Cléber Arado

Personal information
- Full name: Cléber Eduardo Arado
- Date of birth: 11 October 1972
- Place of birth: São José do Rio Preto, São Paulo, Brazil
- Date of death: 2 January 2021 (aged 48)
- Place of death: Curitiba, Paraná, Brazil
- Height: 1.80 m (5 ft 11 in)
- Position(s): Forward

Senior career*
- Years: Team / Apps / (Gls)
- 1992–1994: América-SP
- 1995: Mogi Mirim
- 1996: Kyoto Purple Sanga / 10 / (1)
- 1997: Coritiba / 18 / (10)
- 1998: Mérida / 17 / (3)
- 1998: Atlético Paranaense
- 1998–2000: Coritiba / 28 / (9)
- 2000–2001: Portuguesa
- 2001: Guarani / 5 / (0)
- 2001: Avaí / 8 / (9)
- 2002: Etti Jundiaí / 8 / (9)
- 2002: Ceará
- 2002: Portuguesa
- 2003–2004: Ceará
- 2006: Rio Preto

= Cléber Arado =

Brazilian footballer (1972–2021)

Cléber Eduardo Arado (11 October 1972 – 2 January 2021) was a Brazilian professional footballer who played as a forward.

==Career==
Cléber Arado started his career in América Futebol Clube (SP) in São Paulo, in 1992 he started his senior career. Then he played in Mogi Mirim Esporte Clube before the start of his international career.
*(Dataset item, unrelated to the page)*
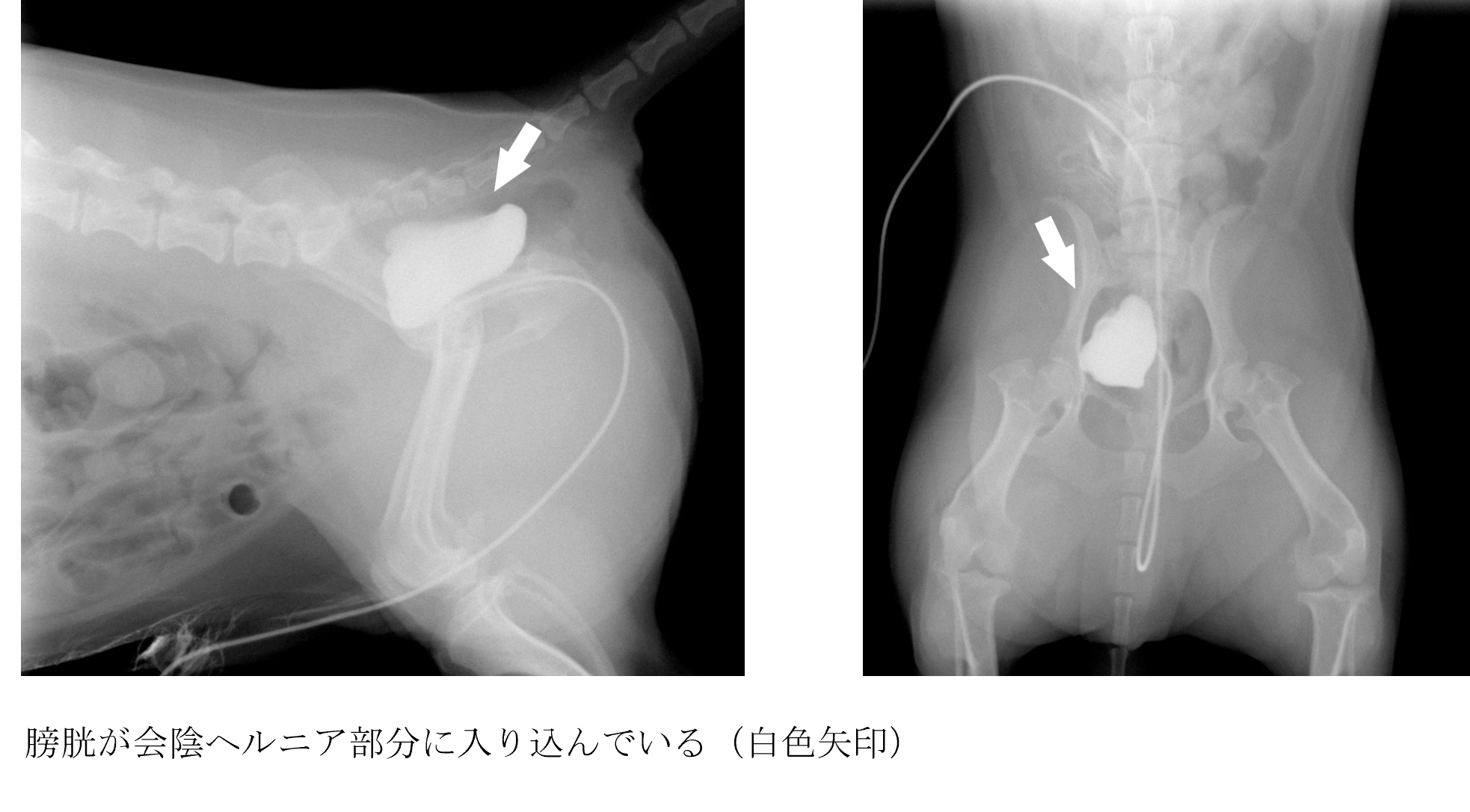 急におしっこをしようとするが尿が出なく元気がない【会陰ヘルニア(膀胱反転)】【 ご来院の理由 】 急におしっこをしようとするが尿が出なく元気がない。 【 処 置 】 各種検査より会陰ヘルニア部分に膀胱が入ってしまったことによる排尿障害と診断しました。 相談した結果、膀胱の整復、会陰ヘルニアの整復、直腸固定・精管固定をする手術になりました。 術後は排尿も排便もスムーズになり元気になり、犬ちゃんも大喜びでした。

Cléber Arado joined Japanese J1 League club Kyoto Purple Sanga in 1997. On 8 March, he debuted as forward against Avispa Fukuoka in J.League Cup. He also scored a goal in this match.

Next season he played for Brazilian club Coritiba Foot Ball Club, then in Spanish CP Mérida. In 1998 he returned to Brazil and played for several Brazilian clubs. He ended his professional career in 2006 in Rio Preto Esporte Clube.

==Death==
Cléber Arado died from COVID-19 in Curitiba at age 48 during the COVID-19 pandemic in Brazil, after having been hospitalized for 34 days.